Blue jays didn’t chirp necessarily; they emitted a loud jeer in sets of two in call and response with other blue jays nearby and far away. Northern cardinals sand and called with musical variations. Liam would repeat: “rich-what-chur-chur-cheer-purty-purty-purty-cheer….It sounds more like sweet-sweet-cheer-a-cheer-a-pretty-pretty-cheer Actually” repeated Liam. The Cardinals’ birdsong consists of one note that slides down in pitch, like a melody that comes after a series of beats sounding metallic, low bells, followed by a quick succession of very staccato
whistles, upwards, in the opposite direction, and fading away with a lip thrill, as though blowing raspberries with a beak, “Close to a cat’s purr, indeed” elucidated Liam. Cardinal calling and courting songs sounded primal, with more purring and lip thrills, like ululating little cries and yells like the calls of indigenous people. He smiled at the memory of his own oral manifestations of pleasure when he and Brook made love. Onomatopoeias of primal sounds would sprout out of their mouths in languages that had probably been dead for too long.
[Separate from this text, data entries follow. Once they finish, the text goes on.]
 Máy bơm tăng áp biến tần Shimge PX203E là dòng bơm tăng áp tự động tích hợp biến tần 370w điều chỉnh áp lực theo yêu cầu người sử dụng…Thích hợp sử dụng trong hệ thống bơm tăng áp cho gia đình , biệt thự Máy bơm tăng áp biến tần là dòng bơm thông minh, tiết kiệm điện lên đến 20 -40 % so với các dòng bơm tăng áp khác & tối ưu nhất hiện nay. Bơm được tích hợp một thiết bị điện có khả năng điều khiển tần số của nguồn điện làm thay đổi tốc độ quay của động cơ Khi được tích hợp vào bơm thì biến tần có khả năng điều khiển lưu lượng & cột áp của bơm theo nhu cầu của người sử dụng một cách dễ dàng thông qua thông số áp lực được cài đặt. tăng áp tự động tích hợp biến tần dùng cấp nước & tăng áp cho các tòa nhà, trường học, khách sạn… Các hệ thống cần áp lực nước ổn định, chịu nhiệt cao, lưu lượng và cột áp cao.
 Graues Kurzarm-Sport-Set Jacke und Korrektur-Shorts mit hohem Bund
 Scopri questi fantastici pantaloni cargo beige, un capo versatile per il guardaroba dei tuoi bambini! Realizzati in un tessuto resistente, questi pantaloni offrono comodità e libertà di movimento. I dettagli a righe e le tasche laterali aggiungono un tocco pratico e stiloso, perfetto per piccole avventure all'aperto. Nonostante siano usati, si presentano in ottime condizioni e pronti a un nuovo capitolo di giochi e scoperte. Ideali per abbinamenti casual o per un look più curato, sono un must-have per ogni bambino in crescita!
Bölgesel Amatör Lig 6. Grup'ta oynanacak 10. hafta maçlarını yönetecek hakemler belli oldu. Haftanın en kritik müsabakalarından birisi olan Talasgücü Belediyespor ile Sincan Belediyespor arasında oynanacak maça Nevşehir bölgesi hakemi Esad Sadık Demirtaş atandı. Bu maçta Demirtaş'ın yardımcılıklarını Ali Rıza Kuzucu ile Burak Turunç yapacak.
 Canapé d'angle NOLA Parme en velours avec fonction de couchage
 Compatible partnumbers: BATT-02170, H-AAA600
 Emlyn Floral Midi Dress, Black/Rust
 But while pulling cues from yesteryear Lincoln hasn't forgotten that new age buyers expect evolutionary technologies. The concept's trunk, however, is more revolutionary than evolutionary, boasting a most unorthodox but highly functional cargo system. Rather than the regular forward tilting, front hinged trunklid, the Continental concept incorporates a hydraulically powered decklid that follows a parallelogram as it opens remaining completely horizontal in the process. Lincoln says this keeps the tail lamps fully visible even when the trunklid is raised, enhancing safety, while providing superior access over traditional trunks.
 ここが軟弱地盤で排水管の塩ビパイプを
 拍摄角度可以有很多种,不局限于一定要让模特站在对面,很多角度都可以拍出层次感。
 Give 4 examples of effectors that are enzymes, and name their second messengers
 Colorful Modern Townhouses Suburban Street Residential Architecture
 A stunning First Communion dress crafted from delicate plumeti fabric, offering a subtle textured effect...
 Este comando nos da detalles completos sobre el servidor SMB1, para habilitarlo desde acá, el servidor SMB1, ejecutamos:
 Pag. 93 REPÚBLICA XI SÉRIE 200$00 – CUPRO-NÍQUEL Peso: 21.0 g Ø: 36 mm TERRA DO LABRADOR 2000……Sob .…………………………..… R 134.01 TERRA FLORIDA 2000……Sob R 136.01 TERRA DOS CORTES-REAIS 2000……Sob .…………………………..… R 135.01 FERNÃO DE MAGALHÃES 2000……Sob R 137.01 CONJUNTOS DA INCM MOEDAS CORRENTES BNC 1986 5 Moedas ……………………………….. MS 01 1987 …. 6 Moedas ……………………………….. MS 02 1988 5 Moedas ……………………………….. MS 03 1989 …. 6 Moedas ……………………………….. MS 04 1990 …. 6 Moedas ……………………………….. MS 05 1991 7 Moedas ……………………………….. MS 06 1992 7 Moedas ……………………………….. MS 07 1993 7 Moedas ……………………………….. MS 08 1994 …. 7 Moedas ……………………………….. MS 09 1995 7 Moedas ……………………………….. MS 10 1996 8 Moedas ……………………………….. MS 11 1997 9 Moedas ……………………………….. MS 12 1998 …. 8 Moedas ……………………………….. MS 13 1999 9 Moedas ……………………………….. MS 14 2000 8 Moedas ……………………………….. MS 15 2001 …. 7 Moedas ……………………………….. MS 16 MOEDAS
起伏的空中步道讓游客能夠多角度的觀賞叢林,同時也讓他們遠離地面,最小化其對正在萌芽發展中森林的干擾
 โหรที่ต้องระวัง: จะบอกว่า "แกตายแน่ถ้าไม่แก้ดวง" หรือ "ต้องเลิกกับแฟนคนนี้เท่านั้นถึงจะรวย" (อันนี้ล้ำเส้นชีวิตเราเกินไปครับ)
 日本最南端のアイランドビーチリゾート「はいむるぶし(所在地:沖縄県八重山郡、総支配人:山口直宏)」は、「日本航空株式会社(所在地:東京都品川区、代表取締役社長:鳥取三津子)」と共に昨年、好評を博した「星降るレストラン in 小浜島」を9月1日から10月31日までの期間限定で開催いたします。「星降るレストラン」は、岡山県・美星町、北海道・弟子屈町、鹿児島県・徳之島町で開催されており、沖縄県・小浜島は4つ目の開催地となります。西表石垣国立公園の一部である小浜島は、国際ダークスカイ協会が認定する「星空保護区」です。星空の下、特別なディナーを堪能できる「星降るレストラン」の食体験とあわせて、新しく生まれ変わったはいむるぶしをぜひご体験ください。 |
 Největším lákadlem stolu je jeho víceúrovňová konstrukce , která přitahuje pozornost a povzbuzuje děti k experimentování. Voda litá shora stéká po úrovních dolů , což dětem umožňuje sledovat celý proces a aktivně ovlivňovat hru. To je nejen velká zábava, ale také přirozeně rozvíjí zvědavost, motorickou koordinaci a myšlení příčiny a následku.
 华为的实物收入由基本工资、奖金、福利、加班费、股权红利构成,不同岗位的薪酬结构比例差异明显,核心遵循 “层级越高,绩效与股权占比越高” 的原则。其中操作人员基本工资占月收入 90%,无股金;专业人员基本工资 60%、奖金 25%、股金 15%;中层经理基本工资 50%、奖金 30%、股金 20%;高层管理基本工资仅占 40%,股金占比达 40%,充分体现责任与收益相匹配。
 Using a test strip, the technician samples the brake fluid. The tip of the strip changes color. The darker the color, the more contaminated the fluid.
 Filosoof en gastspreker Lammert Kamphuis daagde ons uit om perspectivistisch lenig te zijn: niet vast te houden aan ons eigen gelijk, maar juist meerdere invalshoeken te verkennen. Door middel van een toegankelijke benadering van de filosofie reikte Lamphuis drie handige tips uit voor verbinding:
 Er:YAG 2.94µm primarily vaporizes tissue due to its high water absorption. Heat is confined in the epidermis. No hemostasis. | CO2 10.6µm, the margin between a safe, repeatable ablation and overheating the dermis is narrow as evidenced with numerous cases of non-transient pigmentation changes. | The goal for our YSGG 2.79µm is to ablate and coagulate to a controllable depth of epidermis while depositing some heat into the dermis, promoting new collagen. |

Sex with Brook meant unearthing them, speaking in revitalized tongues. He shook the thought away, regretting his own red herring. “Where was I? uhm, ahh, Northern Cardinals whistling is pure melody. Just magical!”
I also write ekphrastic expositions inspired by a myriad of artistic expressions, aiding me to transition from the public to the private domains where myself, or my characters of poems and stories find themselves in loving intimacy. A topic for another time, another place.